Artefacts exist, but it is not necessary to 'see' them.  Claxton is interested in the image, not the artefact, and how the image has a life much more insidious and invasive that the material thing.  It makes one rethink the value of archives (all the originals) and their digitisation, free to use in a way the originals will never be.

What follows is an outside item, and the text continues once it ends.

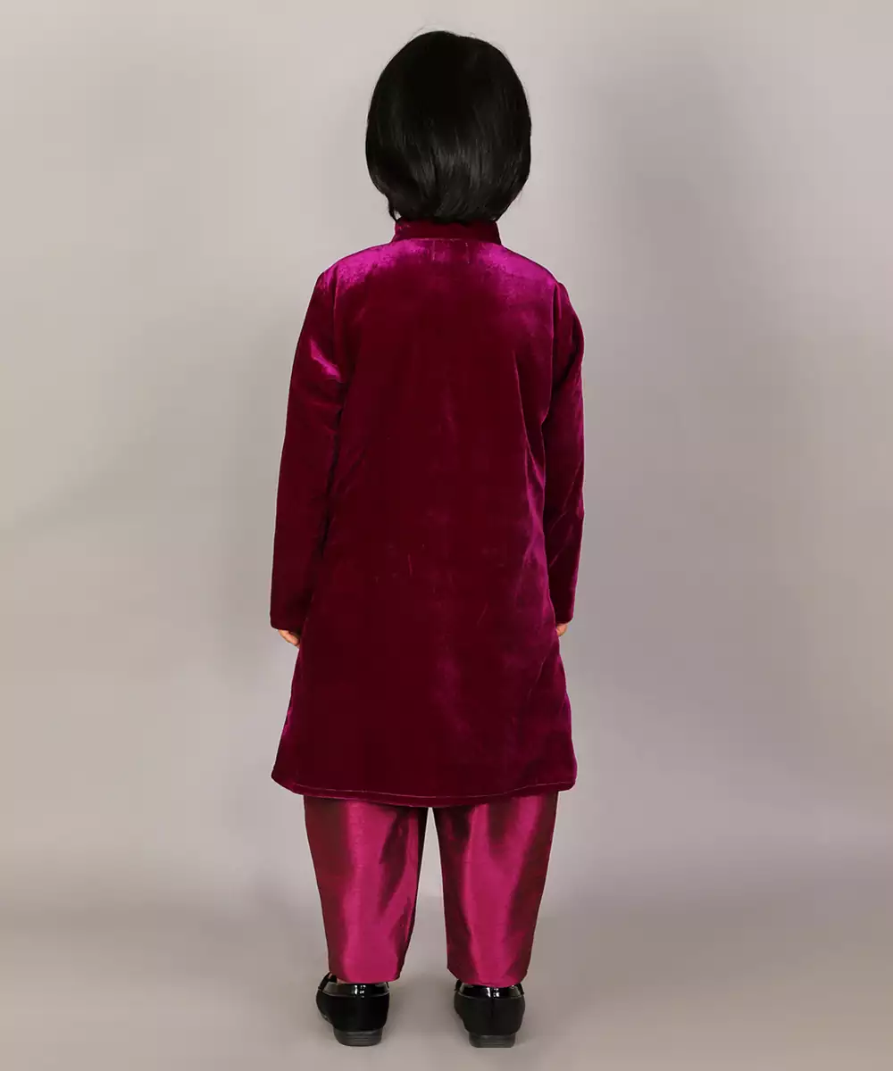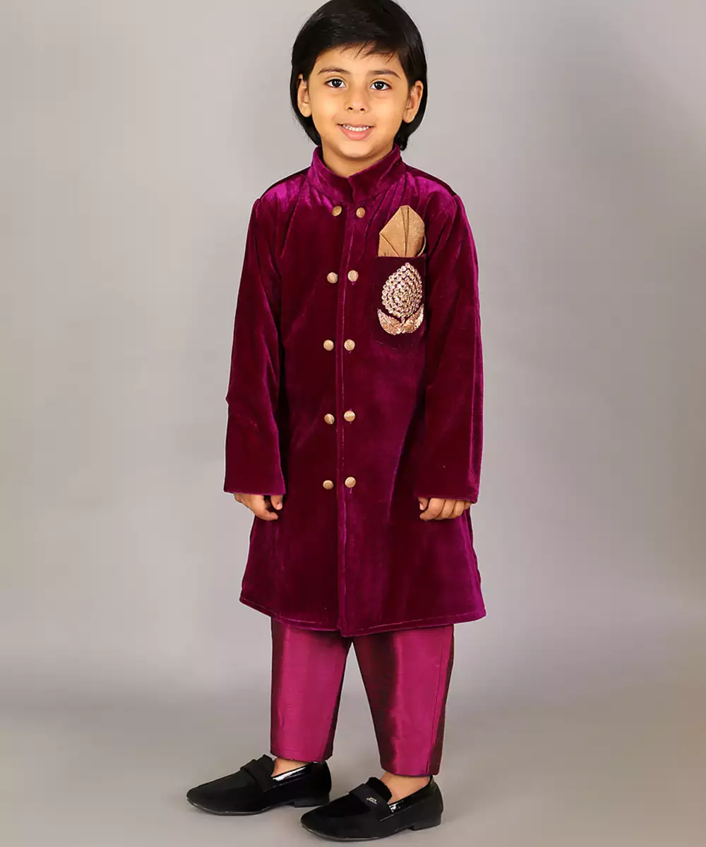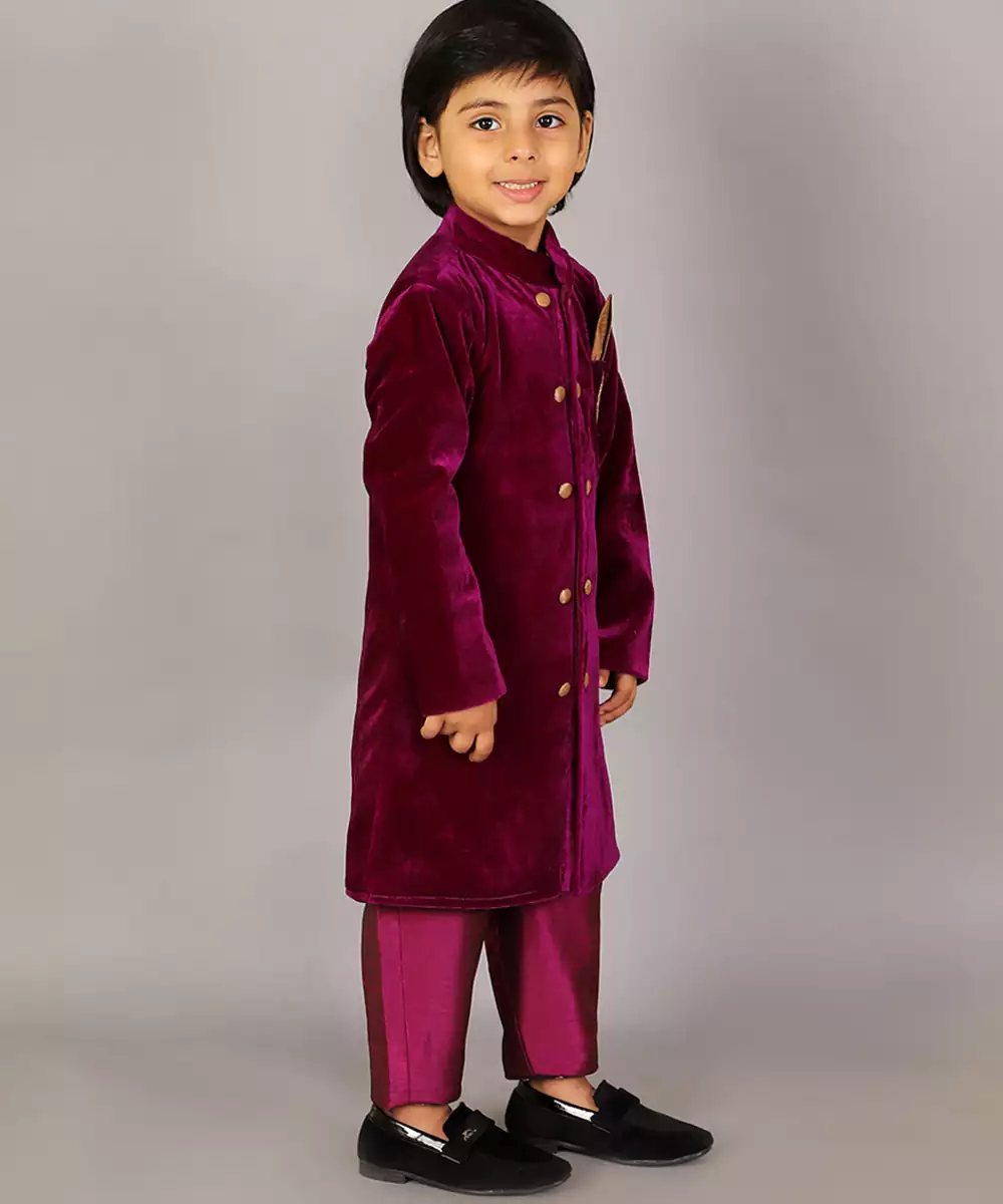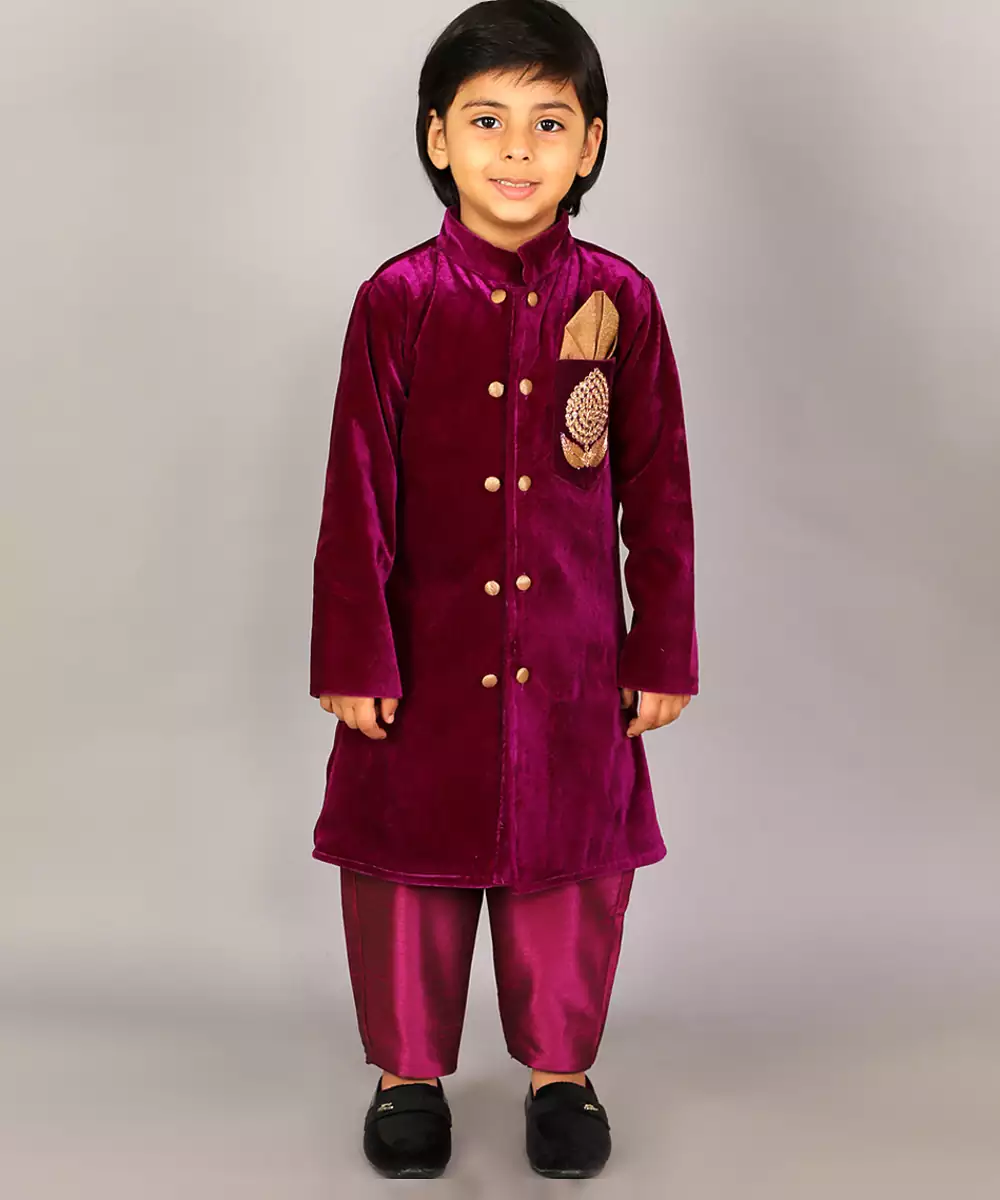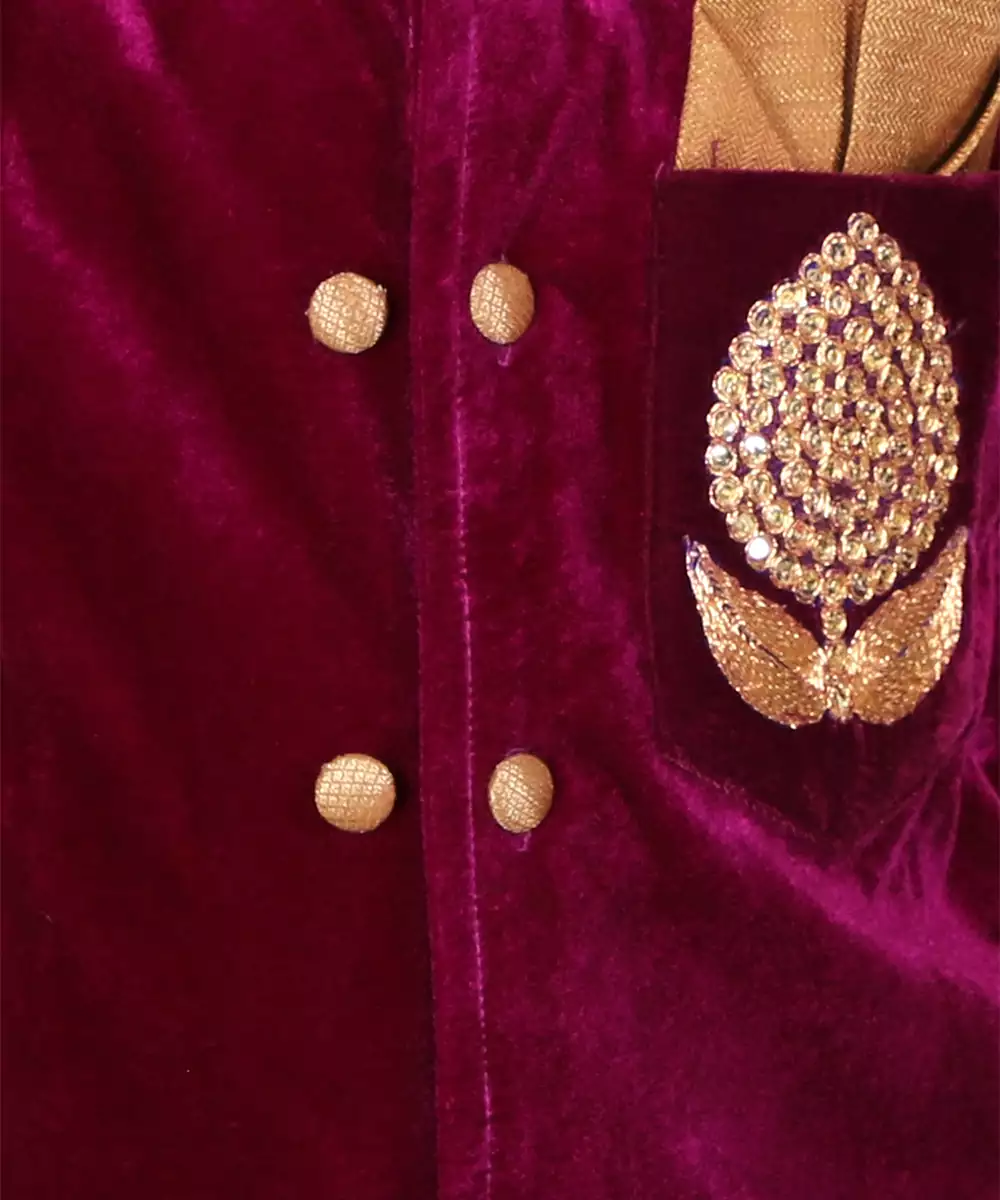 Purple Velvet Bandhgala With Contrast Brocade Buttons And Pocket Square . Bandhgala With Front Opening .Botton In Raw Silk Fabric With Cotton Lining..Bottom With Elasticated Waist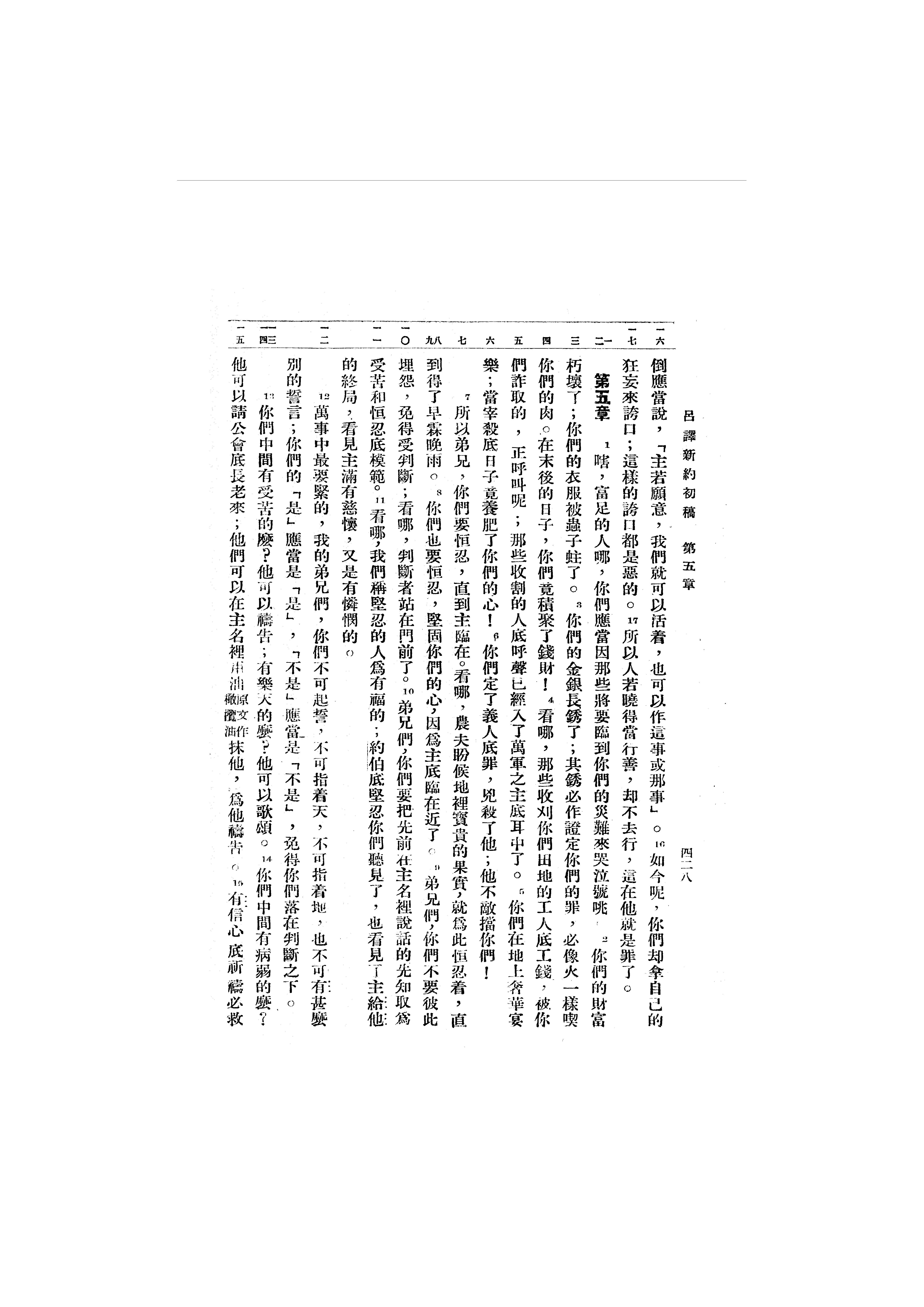 1946年呂振中譯新約初稿 雅各書 4 章 16 節到 5 章 15 節

Claxton's images in Indian Candy belong to an era before even my time, more like the 1920s-40s, the era of the Hollywood western.  We used to see them at the Capitol Theatre on Saturday mornings when I was a kid, and on Fun-o-Rama, a kid's late afternoon TV program from Seattle in the 1950s: endless reruns of Gene Autry, Roy Rogers, the Three Stooges, lots of David Niven as a swashbuckler.  But even then the white hat/black hat/Indian chief thing was remote, disconnected to all the kids from the Esquimalt Reserve that went to our elementary school.  It never occurred to me that Donny Albany was an 'Indian'; it was something I learned much later, that he was the son of the Esquimalt band Chief. (old terminology, I know, but it was the 50s, sorry)

The power of Claxton's images is that they pinpoint an era and a process whereby the stereotypes were formed and then embedded in the American psyche via popular culture: the midway, movies, toys, games, TV.  During the long era of residential schools in both the US and Canada which were gutting the structures of North America's indigenous peoples, they were portrayed as dangerous, fearsome and inscrutable – a portrayal that was, and still is used on any group resisting assimilation.

Dana Claxton. Contact billboard, 9th Avenue SE, Calgary. Sitting Bull's signature, 2013Forgetting that this was our Contact billboard, I first thought it was something to do with the Stampede which starts its advertising about now.  However, violet is not a Stampede colour, nor is the dangerous allusion to difficult histories.  Clearly, if this is Sitting Bull's signature, he was taught to write in commercial script.  Is it shaky because someone else wrote it for the Wild West Show postcard and it seemed appropriate?  Another act of embedded 'weakness'? 

I don't think it is his signature.  You cannot trust documents.